Jimmy Wales wrote:
Wiktionary has been cranking along happily in a state of technical neglect for quite some time.
It's also a more friendly environment. A lot of the fractiousnous over NPOV just doesn't happen there.
There are currently 32,246 entries. That's enough that we must preserve the work that's already done. It also precludes any change of license, whether that's fortunate or unfortunate I don't know.
Probably so. With a dictionary it's often difficult to know what is or what even can be copyrightable. Certainly the overall presentation would be copyright, but a lot of the small entries are often subject to the limited number of ways that a word can be defined.
The possibility of a different approach to licensing has, however, been raised at Wikisource -- and that project still has a small number of articles, and public domain material is more important there.
There is an active community there, with a lot of overlap to the broader wikipedia community. The need to be consulted on any changes that we implement.
I presume the "The need" should read "They need" :-) For the most part the Wiktionarians have not been too critical of the software, and have adapted to it quite well. If there is any one recurring complaint it might be with the enforced capitalization of the first letter. This creates an awkwardness when words can differ by whether the first letter is a capital or minuscule letter. The problem does occasionaly occur in Wikipedia (Communism vs. communism), but it happens far more frequently in Wiktionary. Most words are normally written to begin with a lower case letter.
They have an existing schema whereby they are doing in freeform text just what we ought to try to help them formalize with actual database functionality. One can only assume that their scheme is sometimes followed inconsistently because human editing is inevitably inconsistent. However, there appears to me to be enough consistency that a semi-automated conversion process should be possible.
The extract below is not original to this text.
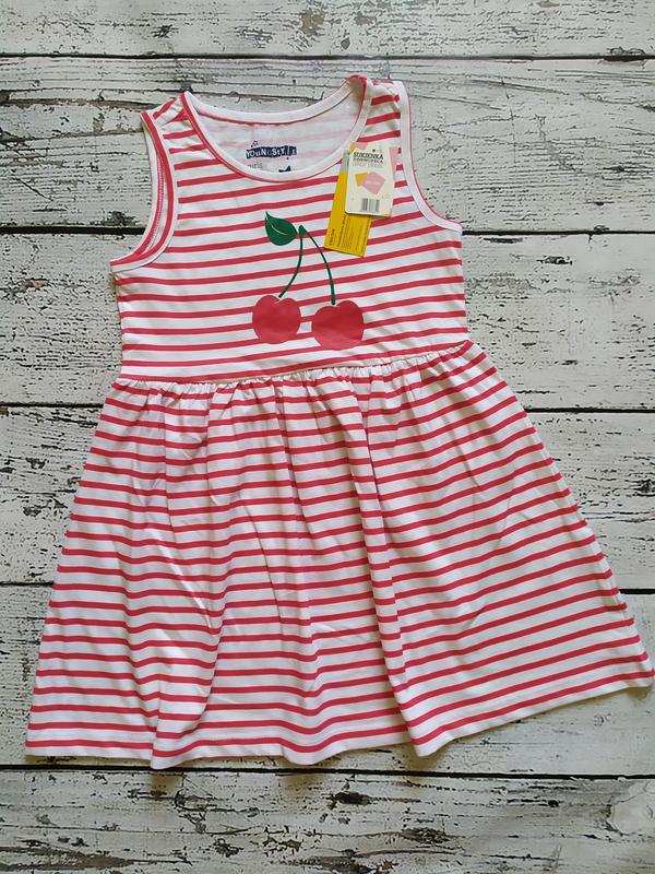 Яркий летний сарафан в полоску. Рост 98/104 (2-4 года) Young style, Польша. Яркий рисунок накат вишенки 💯 високоякісна бавовна. Отличное европейское качество. Непременно понравится Вашей принцессе) Замеры на фото

There is indeed this sort of inconsistency, but it has not been a big problem. There are many words with complicated and multiple etymologies that would not fit well with a rigid structure. If the technical improvements are only *semi*-automated it should allow for an easy override of the structure.
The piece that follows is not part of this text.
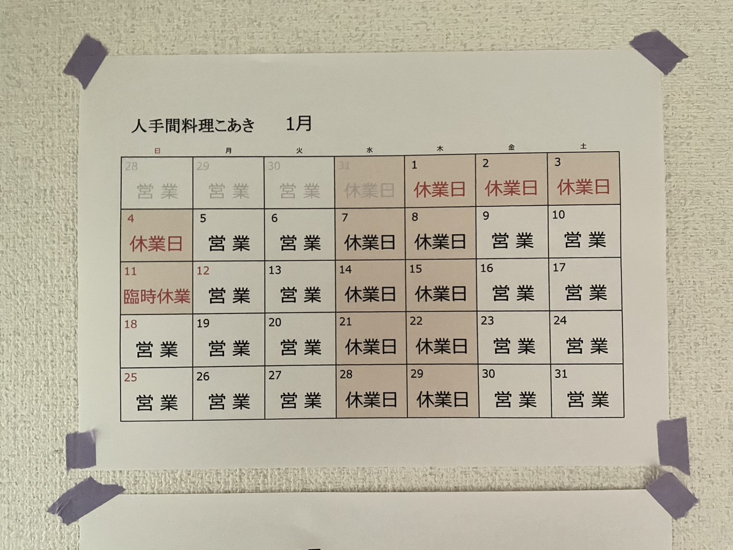 1月の営業カレンダー

Anything that we do should favor the needs of editors over abstract a priori desires for the end product. That is to say, if some fancy and clever thing requires a lot of work from editors, we just skip it. The editors are primary, or any wiki community will be destroyed.
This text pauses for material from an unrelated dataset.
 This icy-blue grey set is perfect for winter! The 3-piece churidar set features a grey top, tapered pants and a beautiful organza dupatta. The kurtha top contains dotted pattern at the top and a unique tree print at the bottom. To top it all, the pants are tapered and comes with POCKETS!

I strongly agree. We are still a very far distance from any kind of end product. That would require some level of comprehensiveness, and I find from the work that I have done adapting the 1913 Webster with its more than 109,000 entries is a slow and tedious process. Reformatting it and expanding abbreviations to be distinctively Wiktionarian is only a part of it. One of the features of the 1913 Webster is the large number of examples of usage that are given from various writers; better identifying some of these passages gives value added to Wiktionary's entries. For Shakespeare quotes this means identifying the play from which the passage comes.
At the same time, we should design a "structured wiki" with one eye on campatibility with re-use. If there are existing XML schemas that have prominence in the wider community, we should look to them as a part of our design, even if we deliberately choose not to implement every possible aspect in order to favor ease-of-use for editors.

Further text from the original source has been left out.